## PROBLEM TO SOLVE
Taking the line with "prior to purchase.**" as the first and the line with "Sanja apartments are" as the last, set down the lines below exactly, pictures excluded.

## INFORMATION PROVIDED
[Start of section]

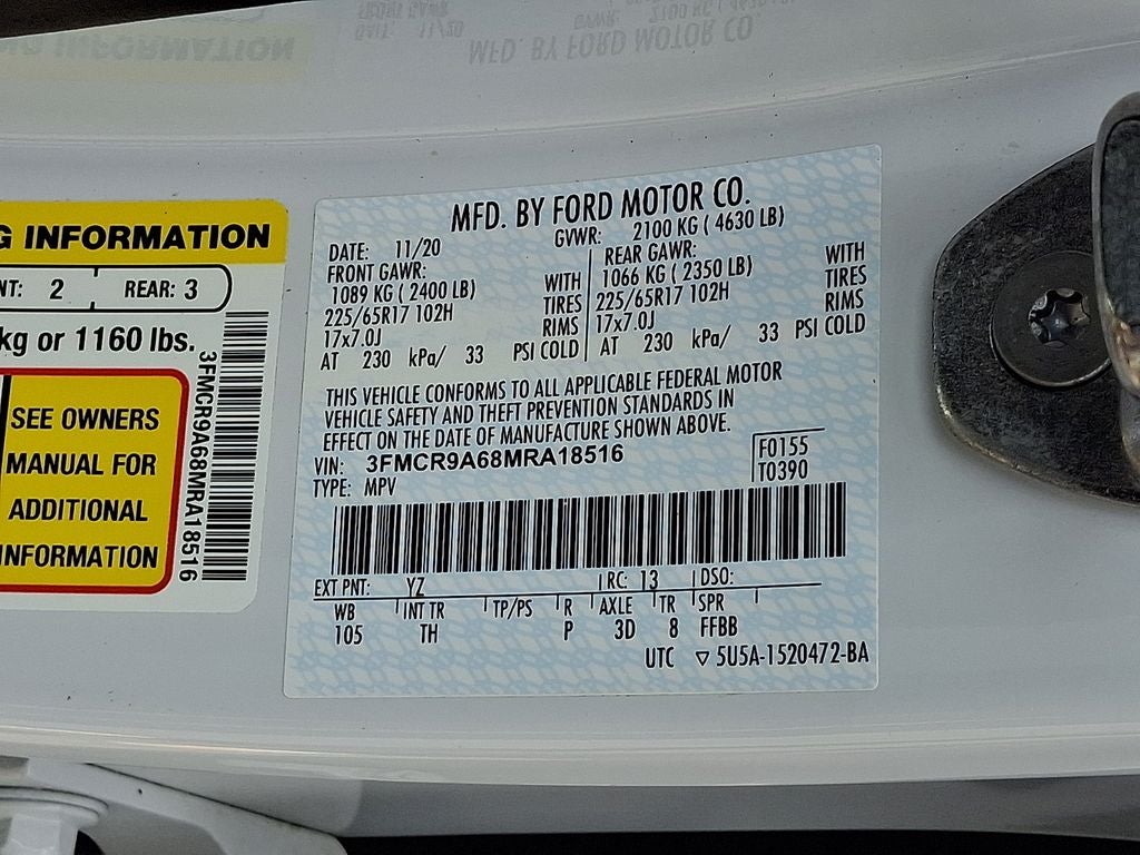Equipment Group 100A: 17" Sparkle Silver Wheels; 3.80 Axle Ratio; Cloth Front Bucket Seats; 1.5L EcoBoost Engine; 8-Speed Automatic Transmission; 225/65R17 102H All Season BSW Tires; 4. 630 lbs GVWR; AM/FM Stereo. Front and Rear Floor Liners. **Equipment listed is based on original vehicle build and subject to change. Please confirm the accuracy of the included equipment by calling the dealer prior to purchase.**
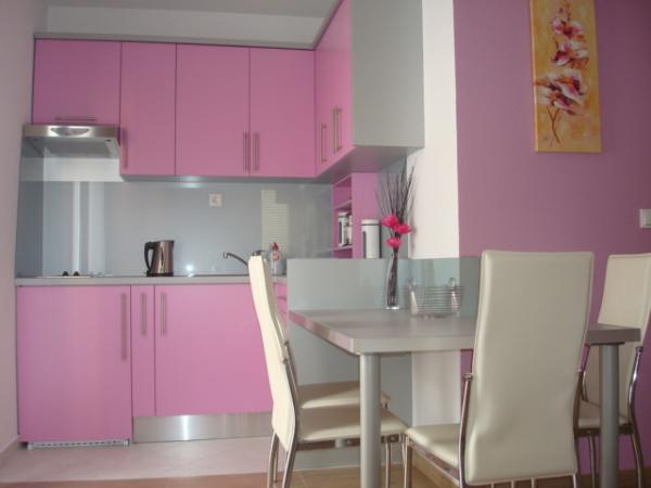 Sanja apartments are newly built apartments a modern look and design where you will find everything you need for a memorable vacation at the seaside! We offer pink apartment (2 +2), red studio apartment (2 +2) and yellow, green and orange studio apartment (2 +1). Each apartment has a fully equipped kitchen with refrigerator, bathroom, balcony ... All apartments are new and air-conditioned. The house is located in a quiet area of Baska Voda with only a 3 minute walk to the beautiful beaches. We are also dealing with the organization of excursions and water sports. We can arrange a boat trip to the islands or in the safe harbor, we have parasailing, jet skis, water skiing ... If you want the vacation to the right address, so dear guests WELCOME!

[End of section]
[Start of section]

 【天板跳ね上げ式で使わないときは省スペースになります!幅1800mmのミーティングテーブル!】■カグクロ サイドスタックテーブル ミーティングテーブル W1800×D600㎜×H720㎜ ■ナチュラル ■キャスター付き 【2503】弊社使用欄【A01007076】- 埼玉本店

[End of section]
[Start of section]

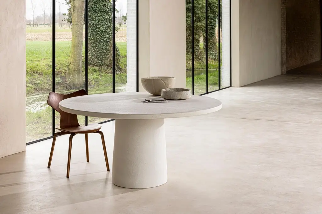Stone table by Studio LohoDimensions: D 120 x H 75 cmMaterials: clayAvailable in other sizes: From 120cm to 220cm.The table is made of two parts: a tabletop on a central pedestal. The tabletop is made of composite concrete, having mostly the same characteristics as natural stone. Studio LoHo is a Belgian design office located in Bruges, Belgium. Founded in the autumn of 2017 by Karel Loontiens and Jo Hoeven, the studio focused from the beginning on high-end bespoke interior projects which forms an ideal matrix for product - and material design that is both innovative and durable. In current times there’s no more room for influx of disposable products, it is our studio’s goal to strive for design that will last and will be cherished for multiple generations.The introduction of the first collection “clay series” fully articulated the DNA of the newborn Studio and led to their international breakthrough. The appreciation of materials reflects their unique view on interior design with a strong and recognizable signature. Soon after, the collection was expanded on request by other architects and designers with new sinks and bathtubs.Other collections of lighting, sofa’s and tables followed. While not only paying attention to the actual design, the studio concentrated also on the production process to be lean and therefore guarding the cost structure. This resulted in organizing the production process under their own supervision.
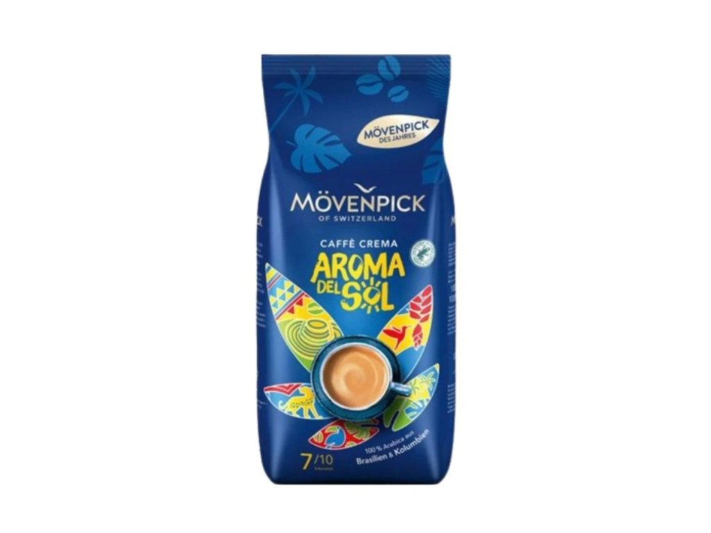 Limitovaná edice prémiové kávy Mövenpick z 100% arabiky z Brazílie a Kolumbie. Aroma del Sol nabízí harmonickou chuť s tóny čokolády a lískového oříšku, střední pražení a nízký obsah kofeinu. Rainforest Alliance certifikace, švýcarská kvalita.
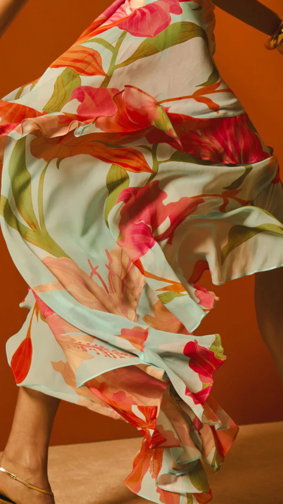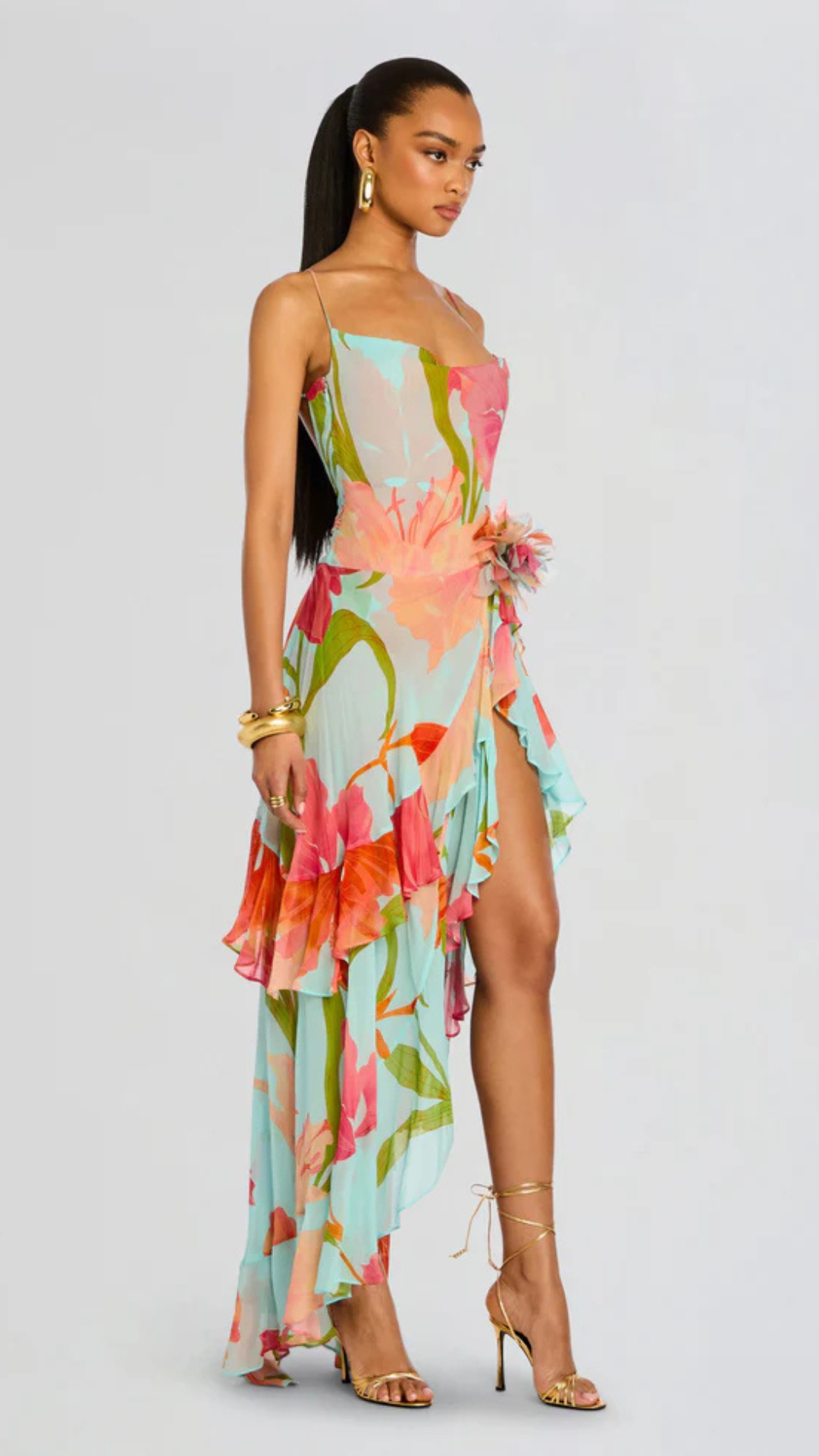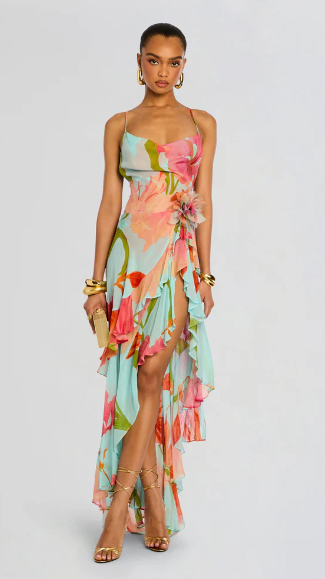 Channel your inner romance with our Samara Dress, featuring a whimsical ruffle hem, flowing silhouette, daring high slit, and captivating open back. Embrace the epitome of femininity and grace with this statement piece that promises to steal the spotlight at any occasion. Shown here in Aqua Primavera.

[End of section]

## SOLUTION FOR THIS EXERCISE
Equipment Group 100A: 17" Sparkle Silver Wheels; 3.80 Axle Ratio; Cloth Front Bucket Seats; 1.5L EcoBoost Engine; 8-Speed Automatic Transmission; 225/65R17 102H All Season BSW Tires; 4. 630 lbs GVWR; AM/FM Stereo. Front and Rear Floor Liners. **Equipment listed is based on original vehicle build and subject to change. Please confirm the accuracy of the included equipment by calling the dealer prior to purchase.**
 Sanja apartments are newly built apartments a modern look and design where you will find everything you need for a memorable vacation at the seaside! We offer pink apartment (2 +2), red studio apartment (2 +2) and yellow, green and orange studio apartment (2 +1). Each apartment has a fully equipped kitchen with refrigerator, bathroom, balcony ... All apartments are new and air-conditioned. The house is located in a quiet area of Baska Voda with only a 3 minute walk to the beautiful beaches. We are also dealing with the organization of excursions and water sports. We can arrange a boat trip to the islands or in the safe harbor, we have parasailing, jet skis, water skiing ... If you want the vacation to the right address, so dear guests WELCOME!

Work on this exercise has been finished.